• [WORK INSTRUCTION] Repeat precisely the span of lines below that opens with the line containing "注意事项:如在家中去世且死因不明,应及时报警由法医进行检查" and closes with the line containing "Em 4 de dezembro", both included.

• [EXERCISE INPUT]
▽

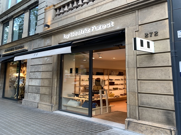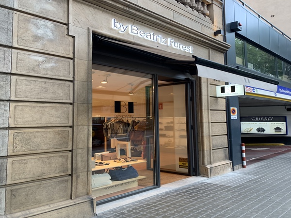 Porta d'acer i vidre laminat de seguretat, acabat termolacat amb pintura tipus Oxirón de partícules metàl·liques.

△
▽

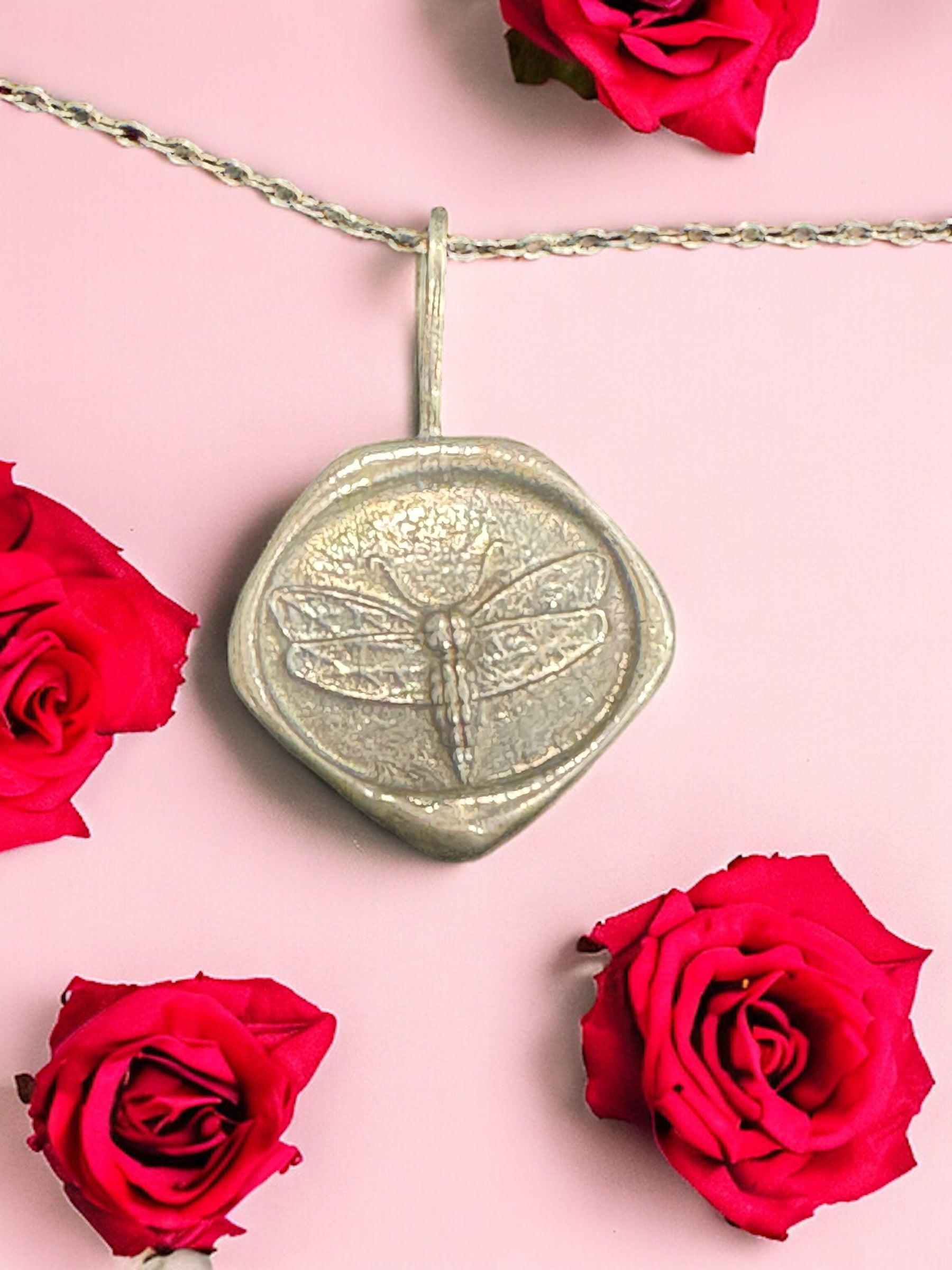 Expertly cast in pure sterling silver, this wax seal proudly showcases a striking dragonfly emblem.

△
▽

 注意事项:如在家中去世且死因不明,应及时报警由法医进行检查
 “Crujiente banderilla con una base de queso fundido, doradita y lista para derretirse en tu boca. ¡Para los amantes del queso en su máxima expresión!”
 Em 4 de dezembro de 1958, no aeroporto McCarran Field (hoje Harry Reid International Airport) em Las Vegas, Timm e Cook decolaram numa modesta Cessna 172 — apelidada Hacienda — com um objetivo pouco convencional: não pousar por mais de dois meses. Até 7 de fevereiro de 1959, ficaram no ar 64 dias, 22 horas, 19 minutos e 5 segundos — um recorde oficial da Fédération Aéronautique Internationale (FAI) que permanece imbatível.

△

• [COMPLETED EXERCISE]
 注意事项:如在家中去世且死因不明,应及时报警由法医进行检查
 “Crujiente banderilla con una base de queso fundido, doradita y lista para derretirse en tu boca. ¡Para los amantes del queso en su máxima expresión!”
 Em 4 de dezembro de 1958, no aeroporto McCarran Field (hoje Harry Reid International Airport) em Las Vegas, Timm e Cook decolaram numa modesta Cessna 172 — apelidada Hacienda — com um objetivo pouco convencional: não pousar por mais de dois meses. Até 7 de fevereiro de 1959, ficaram no ar 64 dias, 22 horas, 19 minutos e 5 segundos — um recorde oficial da Fédération Aéronautique Internationale (FAI) que permanece imbatível.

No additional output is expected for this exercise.